**Extracted information**
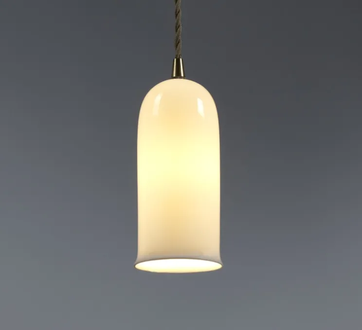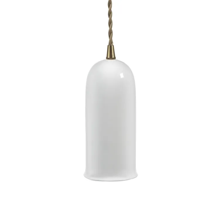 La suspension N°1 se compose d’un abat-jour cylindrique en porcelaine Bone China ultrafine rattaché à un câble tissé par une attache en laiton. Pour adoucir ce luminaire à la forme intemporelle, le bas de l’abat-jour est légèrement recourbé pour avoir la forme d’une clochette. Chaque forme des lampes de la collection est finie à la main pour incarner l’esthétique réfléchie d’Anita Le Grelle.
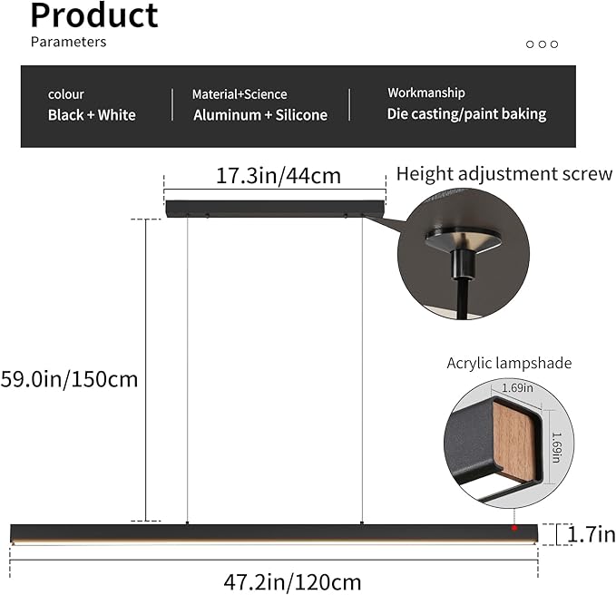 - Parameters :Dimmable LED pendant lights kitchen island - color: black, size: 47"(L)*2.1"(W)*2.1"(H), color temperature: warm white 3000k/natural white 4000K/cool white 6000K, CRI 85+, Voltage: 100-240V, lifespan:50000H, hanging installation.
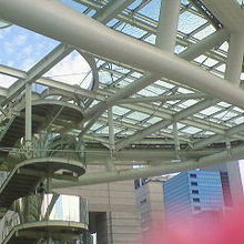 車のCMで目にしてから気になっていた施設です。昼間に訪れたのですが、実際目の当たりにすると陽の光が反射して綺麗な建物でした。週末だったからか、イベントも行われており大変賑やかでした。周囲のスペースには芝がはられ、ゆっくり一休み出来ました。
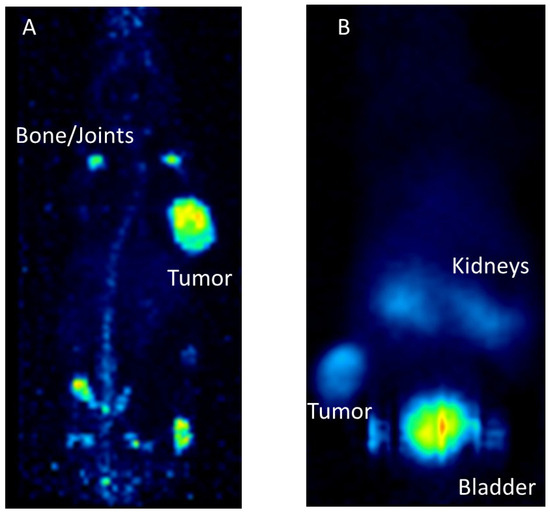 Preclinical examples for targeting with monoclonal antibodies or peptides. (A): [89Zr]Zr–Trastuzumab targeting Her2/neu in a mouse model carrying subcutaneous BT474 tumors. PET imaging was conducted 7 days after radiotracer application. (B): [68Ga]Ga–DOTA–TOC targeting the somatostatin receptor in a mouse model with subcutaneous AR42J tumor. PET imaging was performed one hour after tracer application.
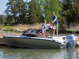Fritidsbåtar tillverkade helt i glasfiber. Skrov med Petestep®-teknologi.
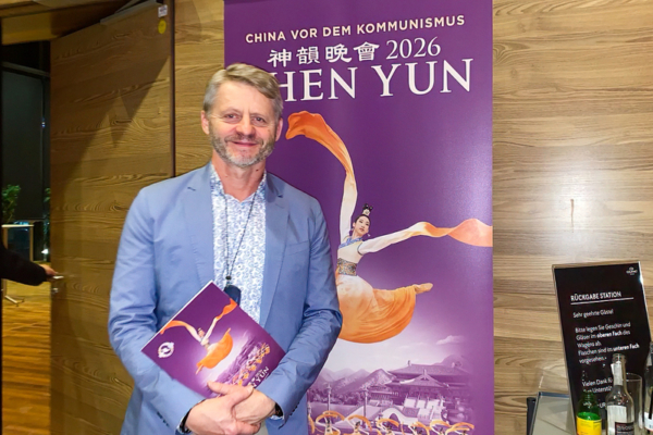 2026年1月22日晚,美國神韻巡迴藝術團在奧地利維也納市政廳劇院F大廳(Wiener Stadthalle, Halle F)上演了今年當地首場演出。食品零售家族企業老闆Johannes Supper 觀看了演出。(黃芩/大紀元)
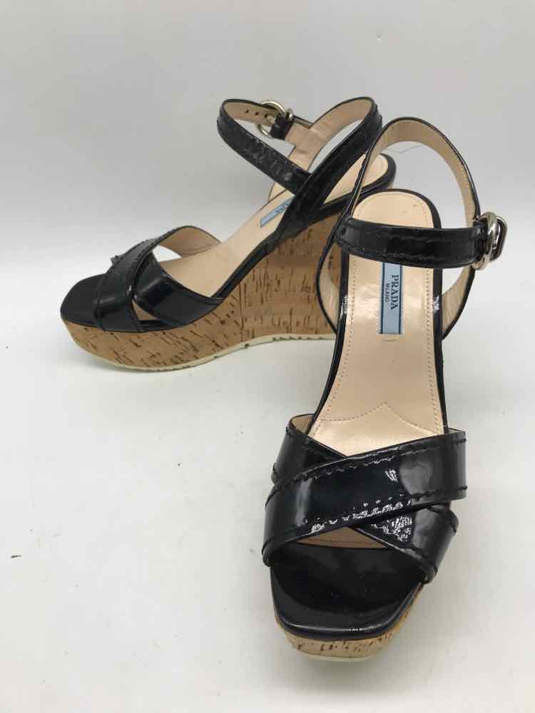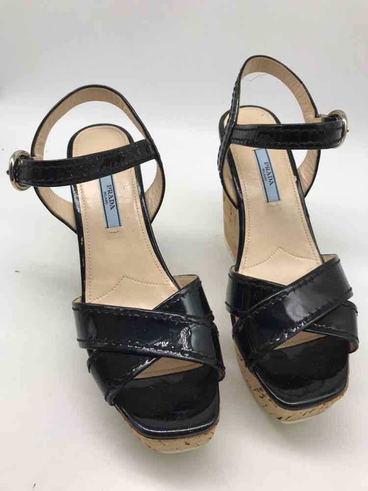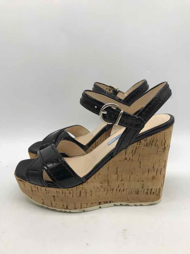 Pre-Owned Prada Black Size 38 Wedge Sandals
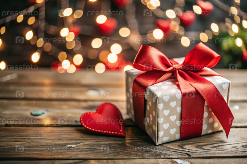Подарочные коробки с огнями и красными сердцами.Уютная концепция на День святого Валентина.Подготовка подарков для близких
...
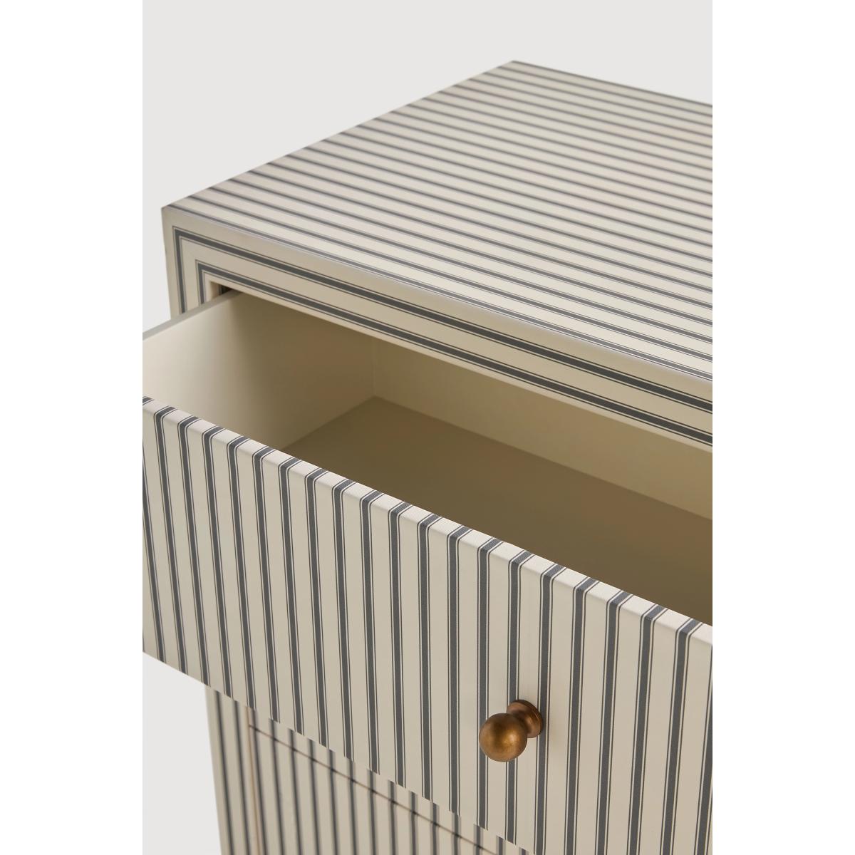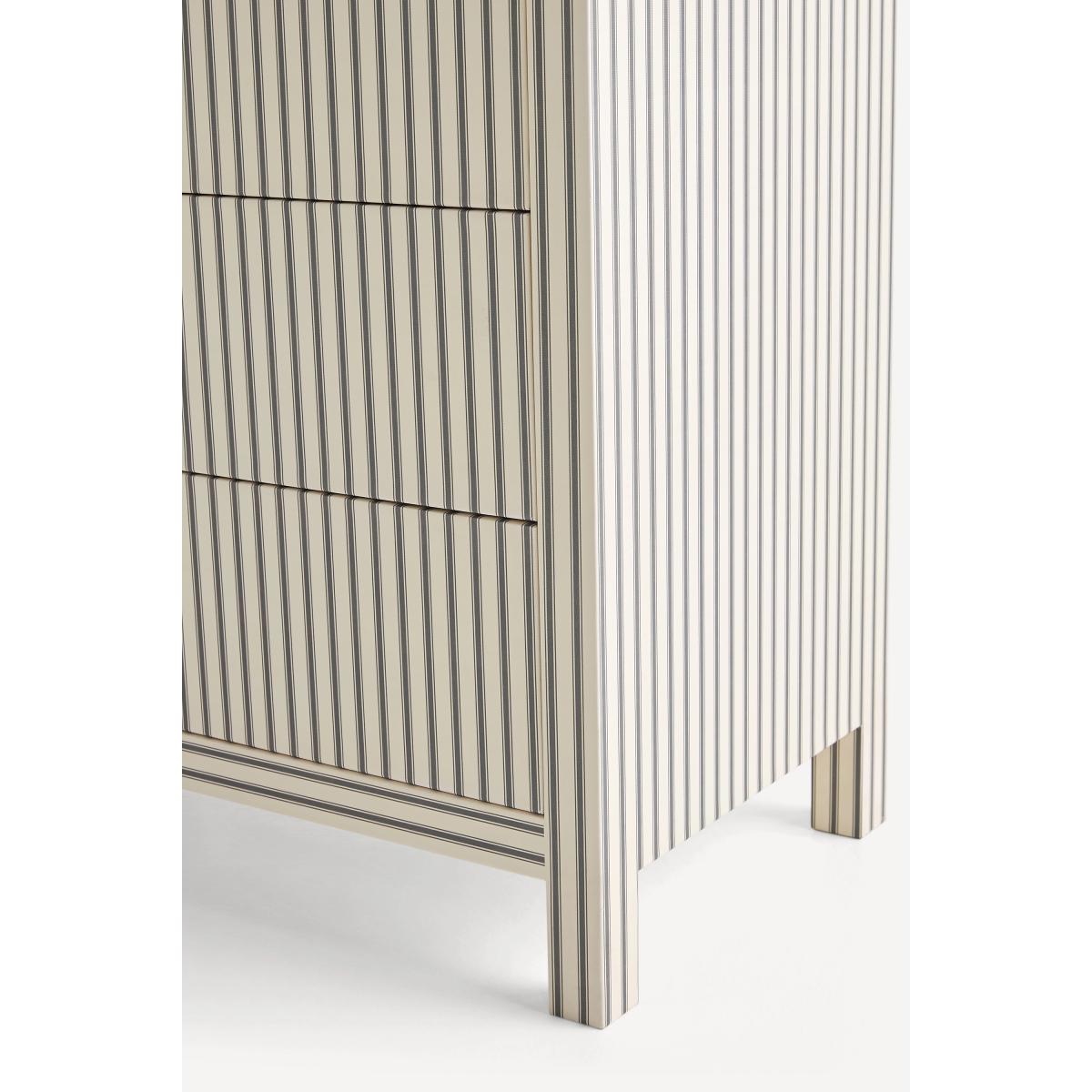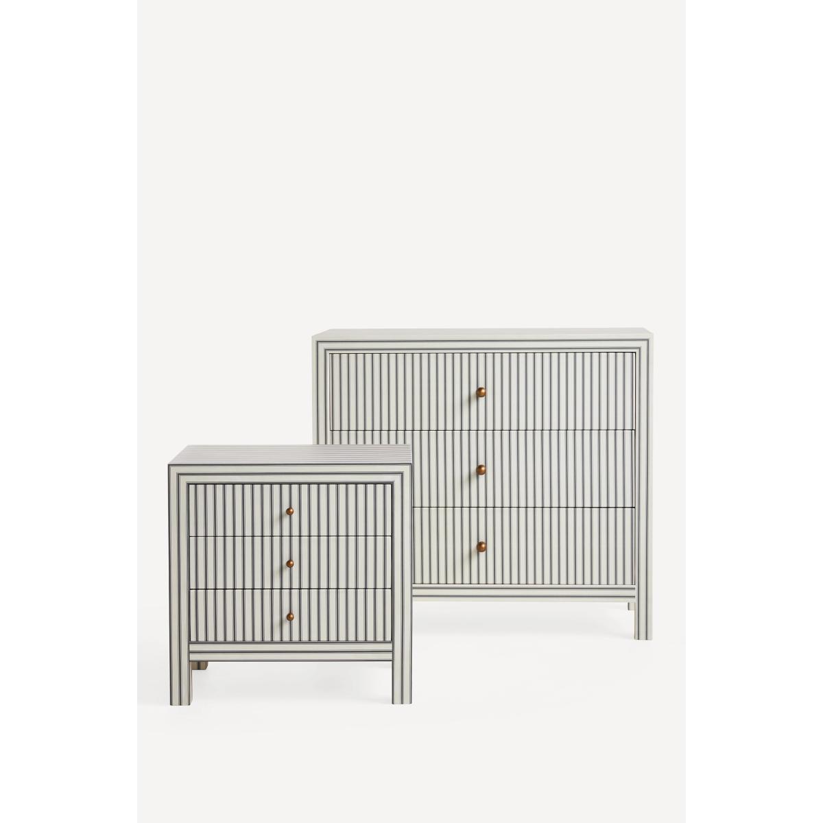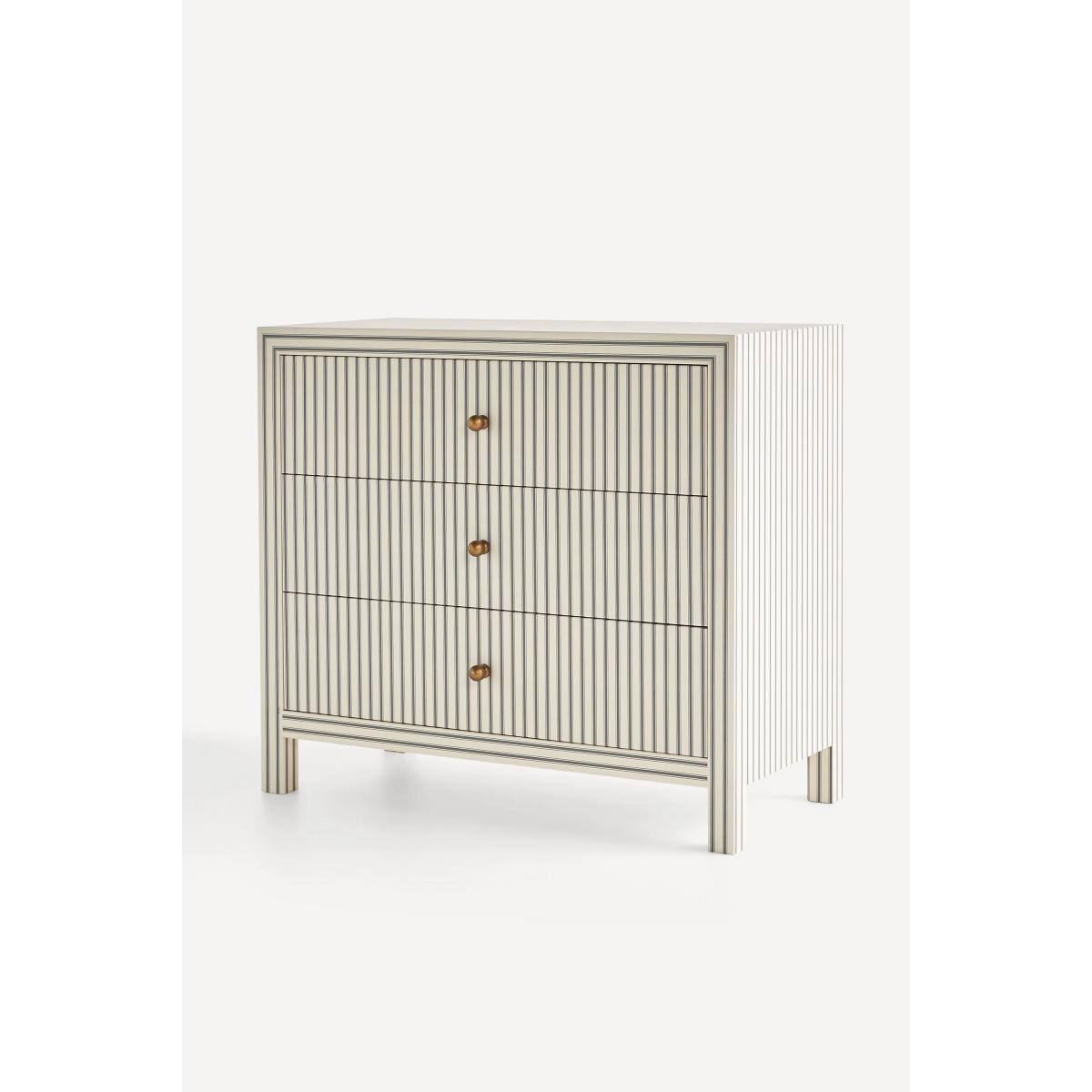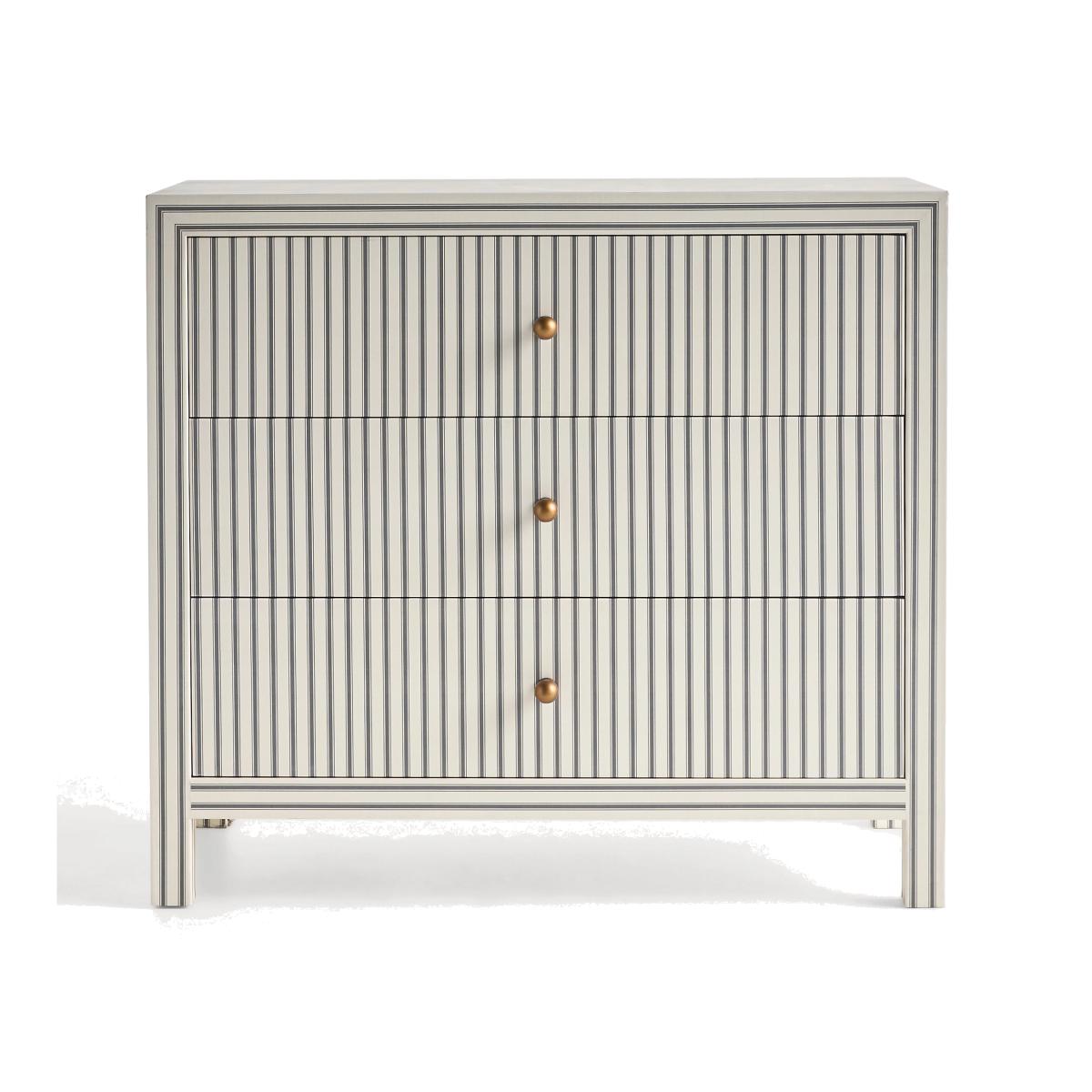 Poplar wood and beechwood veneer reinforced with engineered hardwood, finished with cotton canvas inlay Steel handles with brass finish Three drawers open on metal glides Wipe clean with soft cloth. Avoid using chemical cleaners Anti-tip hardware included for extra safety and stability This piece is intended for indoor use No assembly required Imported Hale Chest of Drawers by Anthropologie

**Prompt**
In the listing above, find the line containing "- Parameters :Dimmable" and the line containing "車のCMで目にしてから気にな". Reproduce those lines and all between them exactly, with no pictures and nothing more.

**Solved exercise**
 - Parameters :Dimmable LED pendant lights kitchen island - color: black, size: 47"(L)*2.1"(W)*2.1"(H), color temperature: warm white 3000k/natural white 4000K/cool white 6000K, CRI 85+, Voltage: 100-240V, lifespan:50000H, hanging installation.
 車のCMで目にしてから気になっていた施設です。昼間に訪れたのですが、実際目の当たりにすると陽の光が反射して綺麗な建物でした。週末だったからか、イベントも行われており大変賑やかでした。周囲のスペースには芝がはられ、ゆっくり一休み出来ました。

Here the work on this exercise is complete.